▸ Problem details: Output the data below exactly as it is, dropping the pictures from your copy.

▸ Recorded data:
►

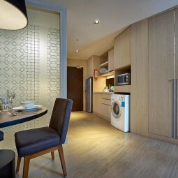 Стильный номер с 42-дюймовым телевизором с плоским экраном, кроватью размера «king-size» и кондиционером. К услугам гостей мини-кухня и стиральная машина. Собственная ванная комната укомплектована туалетно-косметическими принадлежностями.
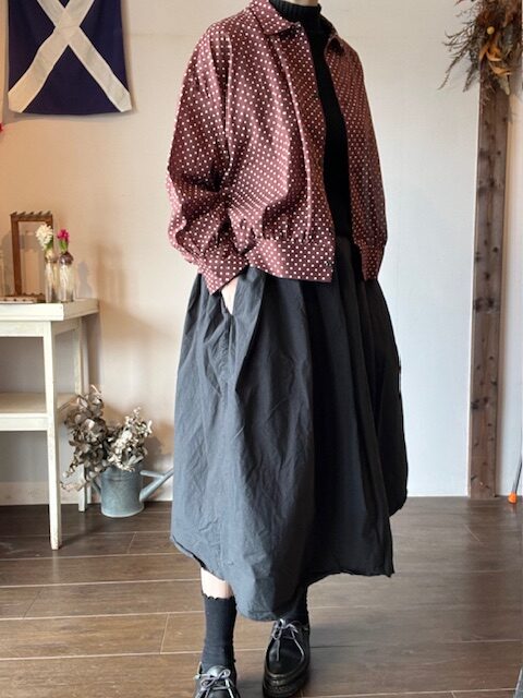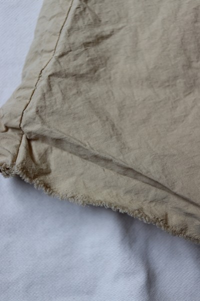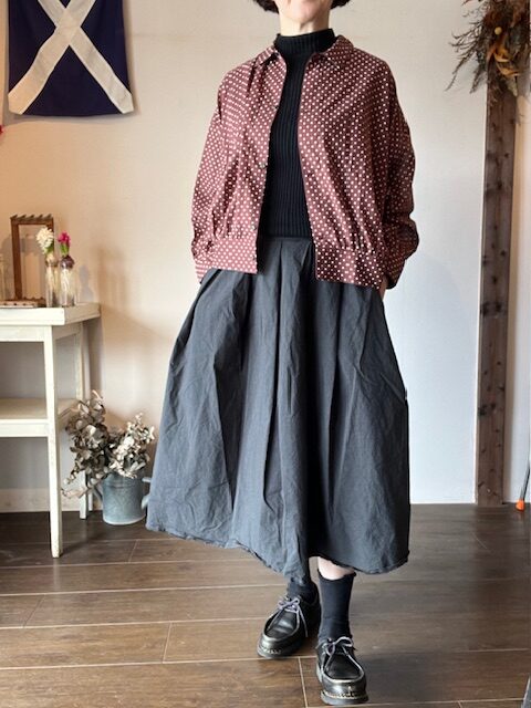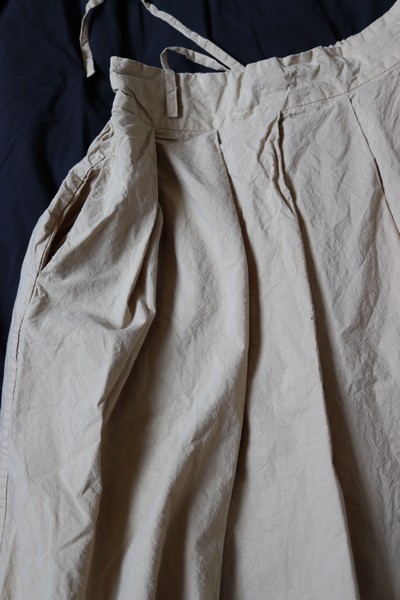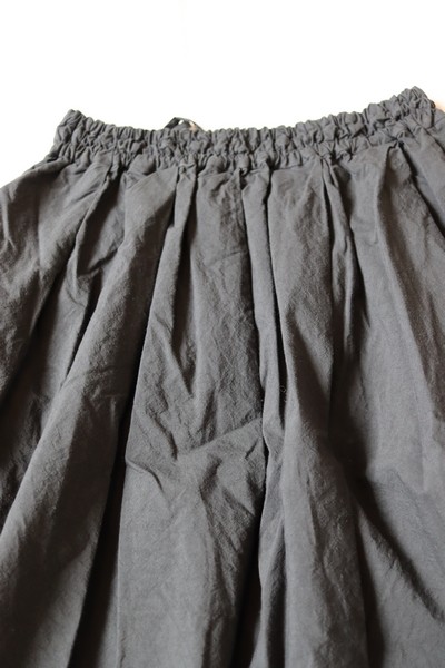 製品染めを施し、洗いざらしの雰囲気に仕上げたタックスカート。裾に生地の耳を使用し、薄く軽やかに仕上げています。ウエストは後ろにのみゴムを通したイージー仕様。ウエスト紐が通っておりサイズ調節が可能です。
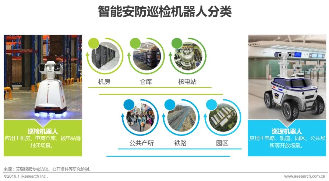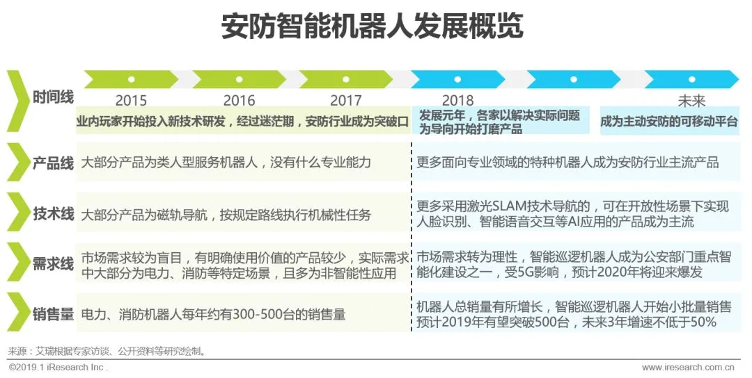 继2005年国内第一台电力巡检机器人投入使用之后,机房巡检机器人、消防机器人等产品开始陆续出现在市场中。2015年是一个发展节点,业内一众玩家捕捉到赛道的潜力,开始致力于人工智能、物联网、导航技术等新兴技术的研发,成长起如高新兴机器人、国自机器人、安泽机器人等一批业内优秀的企业,但当时市场需求较为盲目,多以展示型需求为主,市场空间有限,行业也一度陷入迷茫期,但随着智能机器人在安防行业的落地试用,为行业找到了突破口。2018年是安防智能机器人发展元年,北京安博会中抢眼的表现、公安部门大力规划建设和年底激增的订单量都证明了其在主动安防大背景下的价值所在。未来安防智能机器人将向可移动平台方向发展,向更多应用领域开放其后台,带来更多附加价值,艾瑞也将持续关注其发展。

◄

▸ Exercise answer:
 Стильный номер с 42-дюймовым телевизором с плоским экраном, кроватью размера «king-size» и кондиционером. К услугам гостей мини-кухня и стиральная машина. Собственная ванная комната укомплектована туалетно-косметическими принадлежностями.
 製品染めを施し、洗いざらしの雰囲気に仕上げたタックスカート。裾に生地の耳を使用し、薄く軽やかに仕上げています。ウエストは後ろにのみゴムを通したイージー仕様。ウエスト紐が通っておりサイズ調節が可能です。
 继2005年国内第一台电力巡检机器人投入使用之后,机房巡检机器人、消防机器人等产品开始陆续出现在市场中。2015年是一个发展节点,业内一众玩家捕捉到赛道的潜力,开始致力于人工智能、物联网、导航技术等新兴技术的研发,成长起如高新兴机器人、国自机器人、安泽机器人等一批业内优秀的企业,但当时市场需求较为盲目,多以展示型需求为主,市场空间有限,行业也一度陷入迷茫期,但随着智能机器人在安防行业的落地试用,为行业找到了突破口。2018年是安防智能机器人发展元年,北京安博会中抢眼的表现、公安部门大力规划建设和年底激增的订单量都证明了其在主动安防大背景下的价值所在。未来安防智能机器人将向可移动平台方向发展,向更多应用领域开放其后台,带来更多附加价值,艾瑞也将持续关注其发展。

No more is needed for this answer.